[WHAT TO WORK ON]: Leave the pictures behind and reproduce every line of the listing exactly.

[DATA FOR THE TASK]:
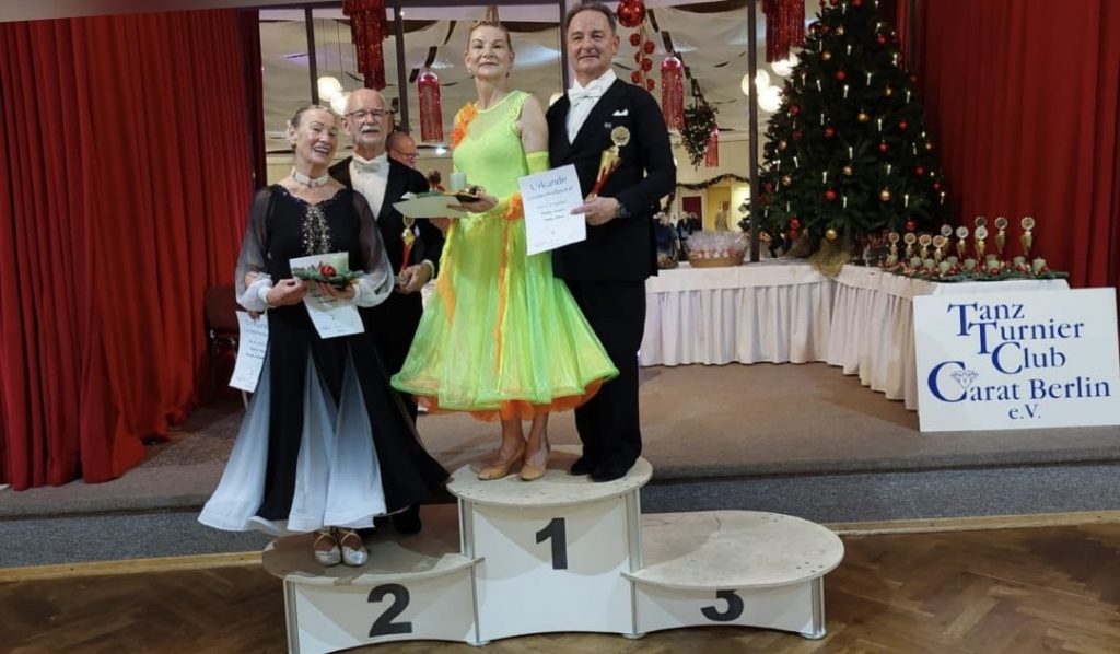 On Sunday standen Dirk und Ramona erneut auf der Fläche. Wieder erreichten sie das Finale – und diesmal legten sie sogar noch eine Schippe drauf: Mit einer überzeugenden Vorstellung verbesserten sie ihr Ergebnis vom Vortag um zwei Plätze und rundeten ihr Adventswochenende mit einem 3. Platz in the Masters III B Standard away.
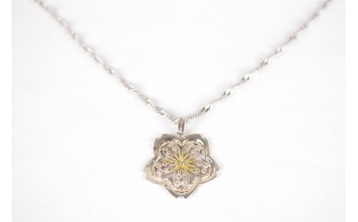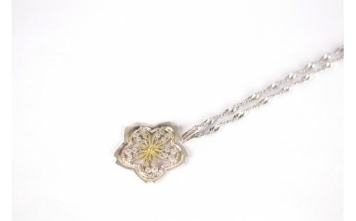 唐草ペンダント(さくら)大・部分金彩 〈 アクセサリー ネックレス 春 ギフト レディース 女性 カジュアル 上品 フォーマル 普段使い シルバー ゴールド シンプル 48cm 〉
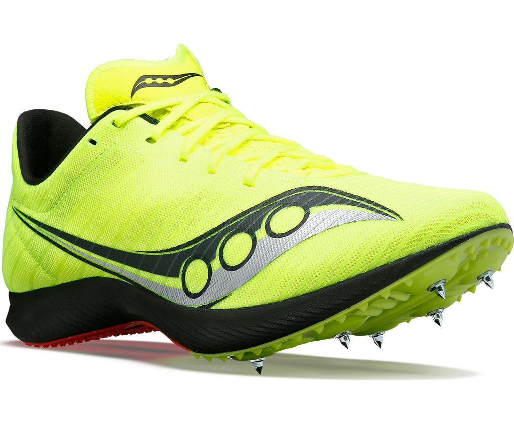 Unlock your racing potential with the Saucony Velocity MP. Designed for versatile athletes, this shoe is ready to perform across multiple events with a lightweight, responsive build and secure 6-pin spike plate for optimal traction on any track. Engineered to deliver comfort without compromise, the Velocity MP ensures you can push through races back-to-back without missing a step. Make every race your best with this ultimate competition shoe built to fuel your speed and endurance.
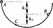 一滑块从图所示的弧形轨道上的A点,由静止开始滑行,由于轨道不光滑,它仅能滑到B点,而返回后又仅能滑动到C点,若A、B两点的高度差为h1,B、C两点的高度差为h2,必有 ( )
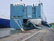 An diesem Wintermorgen hat das Frachtschiff „Auto Way“ am BLG Autoterminal in Bremerhaven angelegt und ragt haushoch an der Kaimauer empor. Noch ist die Heckrampe geschlossen, doch das Team der Lascher im Bereich „High & Heavy“ von BLG Logistics wartet bereits in Kleinbussen am Kai. Sobald sich der Schlund des knapp 200 Meter langen Frachters öffnet, beginnt ihre Arbeit. Dreizehnmal löschen, einmal laden – so lautet der Auftrag für das Schiff aus Oslo. Wie der Name „High & Heavy“ schon sagt, verladen die BLG-Hafenarbeiter im RoRo-Verfahren alles, was groß und schwer ist – außer Pkw. RoRo steht für Roll on/Roll off. Das bedeutet: Die Ladung wird nicht mit Kränen an Bord gehoben, sondern rollt auf eigenen Rädern oder auf Rolltrailern auf das Schiff und wieder herunter. Die Bandbreite der Güter reicht von großen Baumaschinen über Traktoren bis hin zu Turbinen. Pro Jahr schlägt der Bereich „High & Heavy“ am BLG Autoterminal rund eine Million Tonnen Güter um.
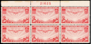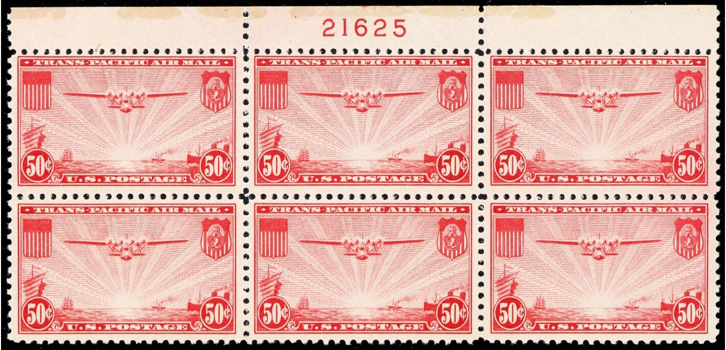C22, Mint VF NH 50¢ Top Plate Block of Six Stamps --*** Stuart Katz
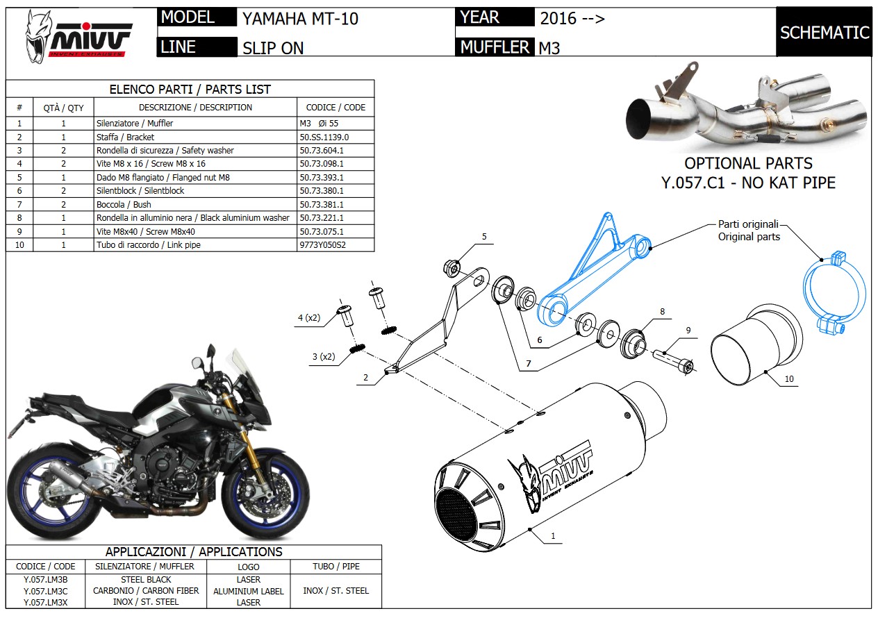 Mivv MK3 RVS Black Slip-on einddemper met E-keur Yamaha MT-10 2016 - 2022
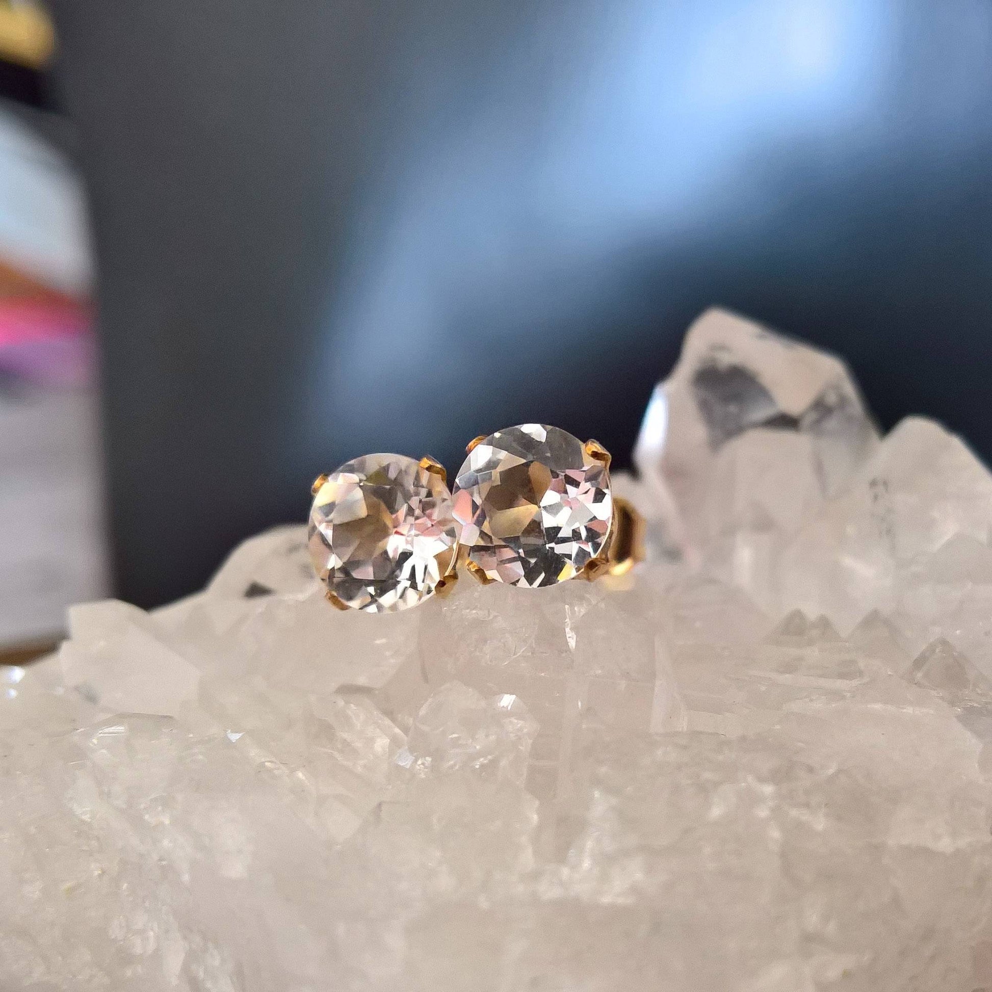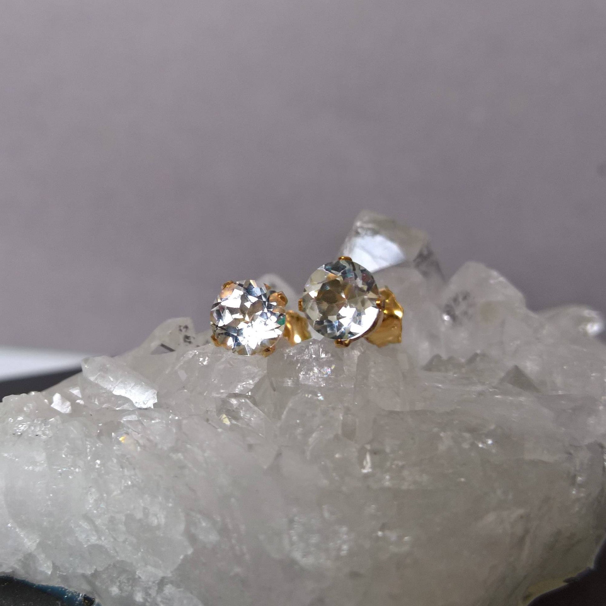 White topaz gemstone stud earrings in gold filled or sterling silver
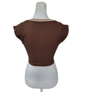 Urban Outfitters Go For Gold Seamless Ribbed Crop Top Women's XS Brown Y2K
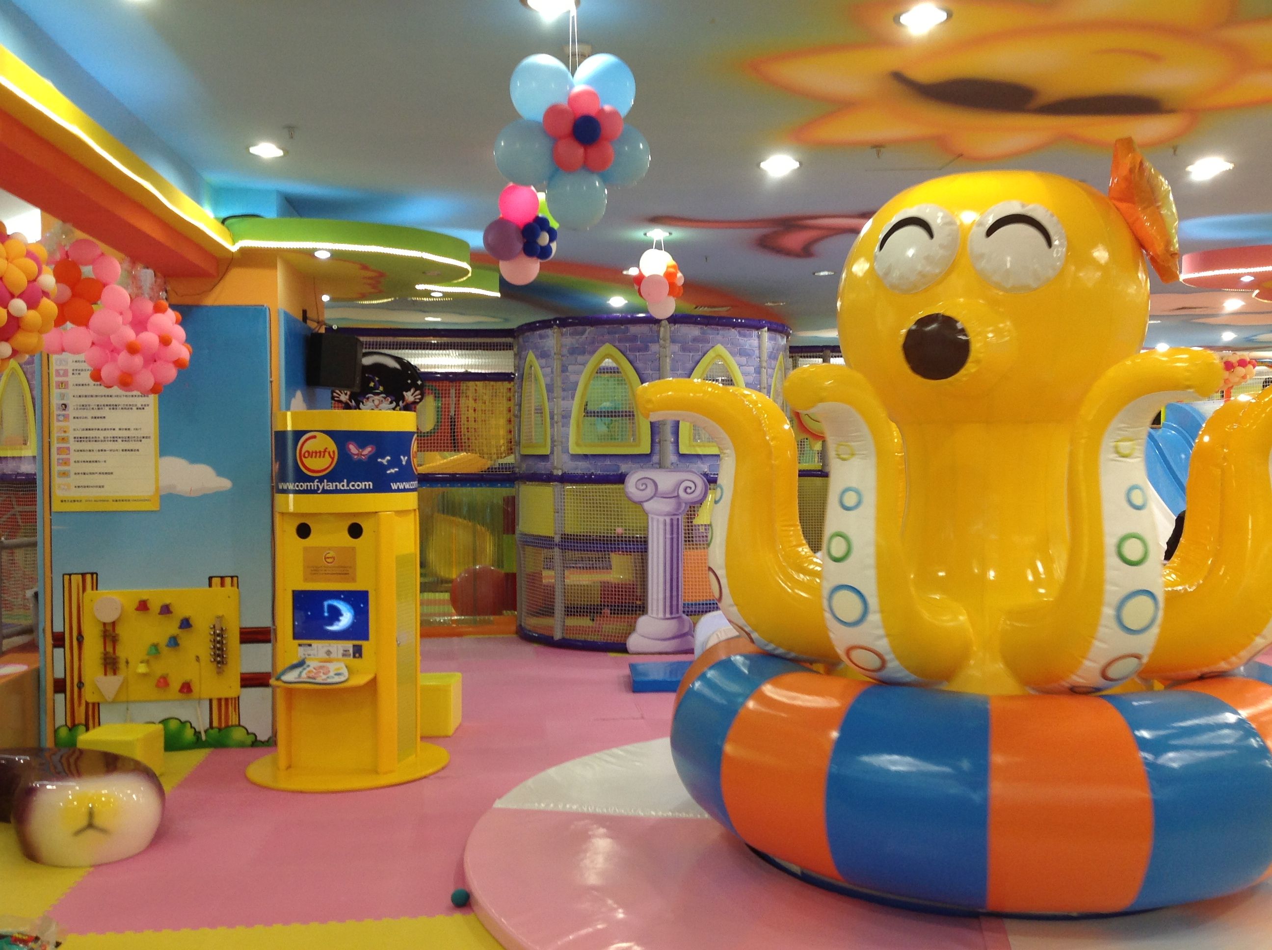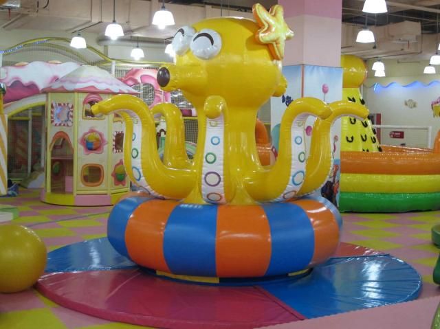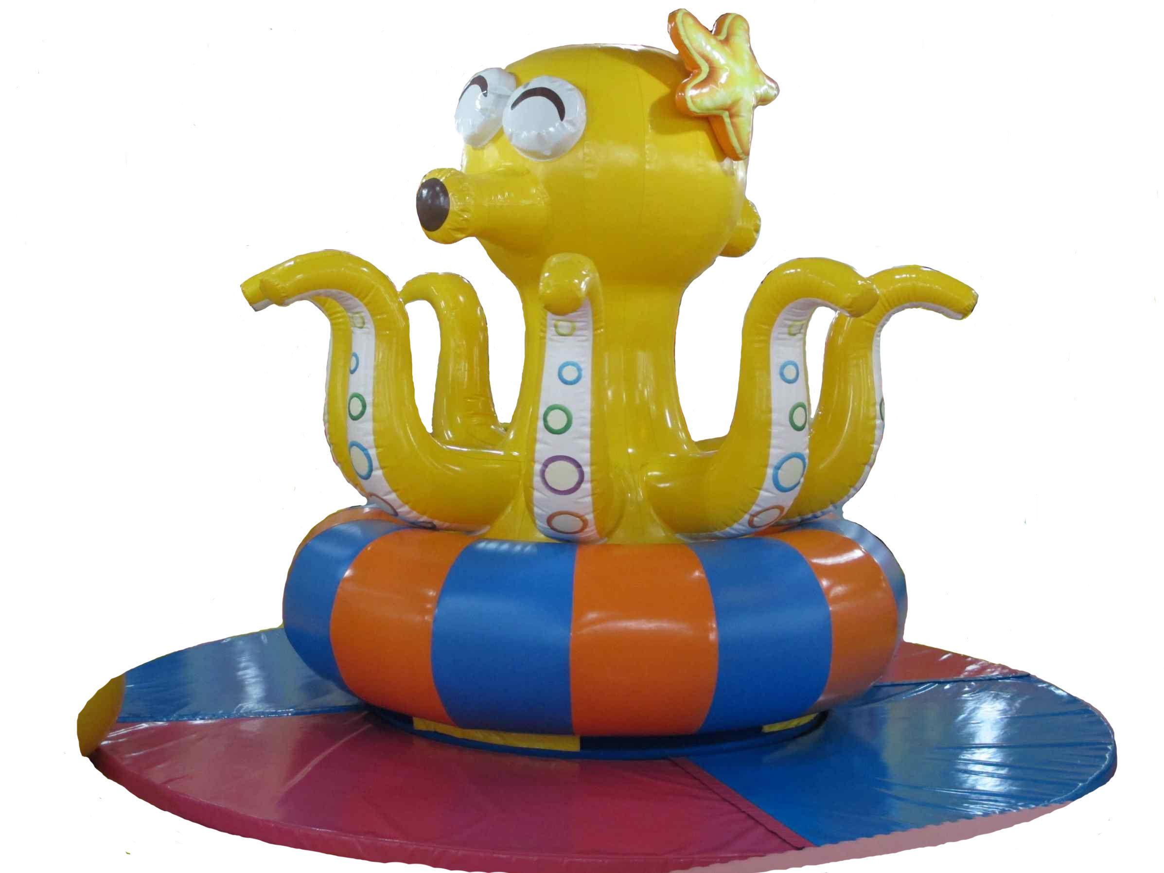 Надувная конструкция, приводится во вращение при помощи электрического двигателя. Дети могут лазать, прыгать на карусели. Материал отделки - цветной баннер с блестками!
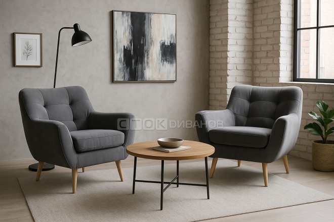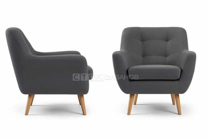 Кресло Комфортуютное небольшое кресло с подлокотниками, в скандинавском стиле на высоких ножках.
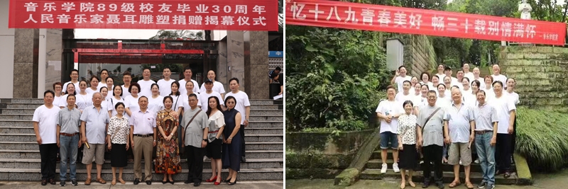 7月17日,音乐学院89级校友相聚母校举行毕业30年纪念活动,大家欢聚一堂,共同回首往事,追忆美好青春,畅叙师生情谊。学校党委副书记、校长黄伟九,学校校友办主任、校友总会秘书长谢华琳,音乐学院党总支书记、副院长杨桦,党政办主任、校友分会秘书长毛君,89级校友教师代表陈光青、彭云、郭莘舫、蒋世雄、张红霞及30余名89级校友参加纪念活动。

[TASK RESULT]:
 On Sunday standen Dirk und Ramona erneut auf der Fläche. Wieder erreichten sie das Finale – und diesmal legten sie sogar noch eine Schippe drauf: Mit einer überzeugenden Vorstellung verbesserten sie ihr Ergebnis vom Vortag um zwei Plätze und rundeten ihr Adventswochenende mit einem 3. Platz in the Masters III B Standard away.
 唐草ペンダント(さくら)大・部分金彩 〈 アクセサリー ネックレス 春 ギフト レディース 女性 カジュアル 上品 フォーマル 普段使い シルバー ゴールド シンプル 48cm 〉
 Unlock your racing potential with the Saucony Velocity MP. Designed for versatile athletes, this shoe is ready to perform across multiple events with a lightweight, responsive build and secure 6-pin spike plate for optimal traction on any track. Engineered to deliver comfort without compromise, the Velocity MP ensures you can push through races back-to-back without missing a step. Make every race your best with this ultimate competition shoe built to fuel your speed and endurance.
 一滑块从图所示的弧形轨道上的A点,由静止开始滑行,由于轨道不光滑,它仅能滑到B点,而返回后又仅能滑动到C点,若A、B两点的高度差为h1,B、C两点的高度差为h2,必有 ( )
 An diesem Wintermorgen hat das Frachtschiff „Auto Way“ am BLG Autoterminal in Bremerhaven angelegt und ragt haushoch an der Kaimauer empor. Noch ist die Heckrampe geschlossen, doch das Team der Lascher im Bereich „High & Heavy“ von BLG Logistics wartet bereits in Kleinbussen am Kai. Sobald sich der Schlund des knapp 200 Meter langen Frachters öffnet, beginnt ihre Arbeit. Dreizehnmal löschen, einmal laden – so lautet der Auftrag für das Schiff aus Oslo. Wie der Name „High & Heavy“ schon sagt, verladen die BLG-Hafenarbeiter im RoRo-Verfahren alles, was groß und schwer ist – außer Pkw. RoRo steht für Roll on/Roll off. Das bedeutet: Die Ladung wird nicht mit Kränen an Bord gehoben, sondern rollt auf eigenen Rädern oder auf Rolltrailern auf das Schiff und wieder herunter. Die Bandbreite der Güter reicht von großen Baumaschinen über Traktoren bis hin zu Turbinen. Pro Jahr schlägt der Bereich „High & Heavy“ am BLG Autoterminal rund eine Million Tonnen Güter um.
C22, Mint VF NH 50¢ Top Plate Block of Six Stamps --*** Stuart Katz
 Mivv MK3 RVS Black Slip-on einddemper met E-keur Yamaha MT-10 2016 - 2022
 White topaz gemstone stud earrings in gold filled or sterling silver
 Urban Outfitters Go For Gold Seamless Ribbed Crop Top Women's XS Brown Y2K
 Надувная конструкция, приводится во вращение при помощи электрического двигателя. Дети могут лазать, прыгать на карусели. Материал отделки - цветной баннер с блестками!
 Кресло Комфортуютное небольшое кресло с подлокотниками, в скандинавском стиле на высоких ножках.
 7月17日,音乐学院89级校友相聚母校举行毕业30年纪念活动,大家欢聚一堂,共同回首往事,追忆美好青春,畅叙师生情谊。学校党委副书记、校长黄伟九,学校校友办主任、校友总会秘书长谢华琳,音乐学院党总支书记、副院长杨桦,党政办主任、校友分会秘书长毛君,89级校友教师代表陈光青、彭云、郭莘舫、蒋世雄、张红霞及30余名89级校友参加纪念活动。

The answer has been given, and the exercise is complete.